Keep reading to get a better sense of the current state of retail, how marketers are adapting their strategies, and how to optimize your business’s tactics to keep up with these changes.
A Closer Look at the Retail Today
In-person shopping isn’t obsolete, but it’s in a state of decline. Data from the Labor Department shows that “department store sales fell by 2.9% month-over-month in November, the third-straight month of decline,” according to Insider Intelligence. To combat this, luxury retailers are positioning themselves as shopping “destinations” that offer goods and entire retail experiences to be enjoyed in person.
Efforts to revive consumer spending aren’t limited to indoor spaces; retailers are simultaneously ramping up digital strategies to reach ecommerce shoppers. Hootsuite’s Global State of Digital Report 2022 found that over 58% of global Internet users made at least one online purchase every week (with nearly 31% of those purchases happening on a mobile device). With over 2.5 million ecommerce sites to choose from in the US alone, it’s no surprise that experts anticipate the global ecommerce industry topping $8 trillion by 2026.
Marketing to both in-store and digital shoppers is in line with how today’s consumers make purchases. Nielsen reports that 22% of shoppers “plan an in-store shopping trip combined with a prior online order,” and over 85% of consumers make purchases both online and in-store. Those who only shop online (1%) or exclusively in-store (14%) are far from the majority of shoppers; therefore, omnichannel marketing is a must for modern retailers.
Tracking Trends and Shifting Strategies
Remaining relevant and financially successful in retail today requires a shift in marketing strategies. Begin by studying audience behaviors in ways that offer more usable insights. For example, Macy’s studies its shoppers’ credit card data to determine financial viability and uncover trends in consumer spending — what are they buying and when? Studying buying patterns also informs pricing and inventory strategies, which can help to guide the direction of future digital campaigns.
This type of approach has likely also revealed social commerce’s increasing popularity. Ecommerce and social commerce purchases are both completed online, but there are important differences. Ecommerce purchases are made through a brand’s online shop on their website. In social commerce, consumers buy items directly from a brand’s social media account. Facebook, Instagram, and TikTok are just some of the platforms where consumers are discovering and purchasing products via social media.
Marketers are capitalizing on this trend by investing heavily in social media ads. Spending on social media advertising was forecasted to exceed $56 billion in 2022, up from $40 billion in 2020.
Strategies to Reach Today’s Retail Shoppers
The significant overlap between in-person and online shoppers tells us that an omnichannel campaign is the most cost-effective way to connect with the greatest percentage of your target audience. When studying data from both of these customer segments, you’re looking for insights that illustrate the differences between online and in-store shopping behaviors in addition to asking the following:
-What percentage of our buyers are shifting toward ecommerce?

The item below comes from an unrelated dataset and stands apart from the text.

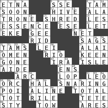 ACROSS 1. Inactive volcano in Sicily 5. Compass dir. 8. Scottish cap 11. Within a short period 12. Hub of activity 14. Chicken ___ king 15. Heavy duty weighing machine 17. Fragment 18. French article 19. Gist 21. Compass dir. 22. Allow 23. Supplement with great effort 24. Turn to the right 25. Fish or hair follower 27. To free from 28. Settles 31. Scottish caps 35. Luau accessory 37. Mountain range southwest of Kyrgyzstan 38. Sign of things to come 39. _ de Janeiro 41. Peachy ____! 42. Went 43. Retirement account (abbr.) 45. Small island 46. Assistant 47. Followers of ems 49. Curve 51. Chop off 52. Lion 55. The grampus (Milton) 57. Actor Linden 60. Catching in a trap 62. Luau course 63. Place in a line 65. Add up to 66. Small child 67. Cause heat under the collar 68. False hair 69. Filthy place 70. Pull behind 71. Ancient Greek god of war DOWN 1. First name in cosmetics 2. Cod relative 3. Trap for birds or small mammals 4. Singer Murray 5. Quiet! 6. The founder of a family 7. Nights before holidays 8. Baron Munchausen's specialties 9. Toward shelter 10. Vertical spar for supporting sails 13. Genesis locale 16. Engineer (abbr.) 17. Sowing specialist 20. To provide with a ceiling 26. 1973 Nobel Price Winner (Physics) Leo 29. Highlander 30. Trig term 31. Ancient Roman robe 32. Mine, in Marseilles 33. Ananias' fault 34. Scornful expression 36. One more than two 40. Threatening words 44. Soon (poet.) 48. Argument over a trivial matter 50. Burn to charcoal 52. 61 cubic inches 53. Related on the mother's side 54. Stares at amorously 55. Chooses 56. Carrot, for example 58. Set down 59. _ and Stitch 61. Roll call or roster of names 64. ___ Haven, CT

-Of our online sales, how many came through social commerce? (if applicable)
-What demographics differentiate online customers from in-store?
-Are there any new or exciting trends we should be aware of?
Not every ecommerce retailer has a brick-and-mortar shop to draw data from. If this applies to your business, study competitors and industry trends to find the insights that can help you strengthen your online presence and digital strategy. The following tactics can help you, too.
Reach more mobile device-using customers with push notifications. Like short, snackable videos grab a person’s attention, push notifications pull customers back into the conversation and, ultimately, your retail space. Create personalized notifications that add value to the customer experience, such as sending alerts when their favorite product is restocked or an exclusive sale is coming up. Include a clear CTA with each alert to increase your chance of engagement and conversion.
Make social commerce work for you
Create as many avenues to purchase as possible by tying your social media channels to the ecommerce experience. Instagram and TikTok offer discovery features (some are even geared specifically toward in-app shopping) that lead new customers directly to your profiles.
Keep their attention — and cater to current customers — by building out social storefronts with detailed descriptions and high-quality images, then use that same attention to detail to create shoppable posts and paid ads. Shoppers should be able to either 1) purchase immediately, 2) save the item for later, or 3) learn more when they spot an item they like. Instagram and Facebook allow users to conveniently save items for later. The in-app messaging features let users contact you directly with questions for a more engaging and valuable experience.
To retain current customers while attracting new ones, marketers must develop relevant and engaging campaigns that can keep up with evolving retail practices. The ability to nimbly adapt marketing strategies will separate businesses into those that merely survive industry changes — and those that thrive amidst these shifts.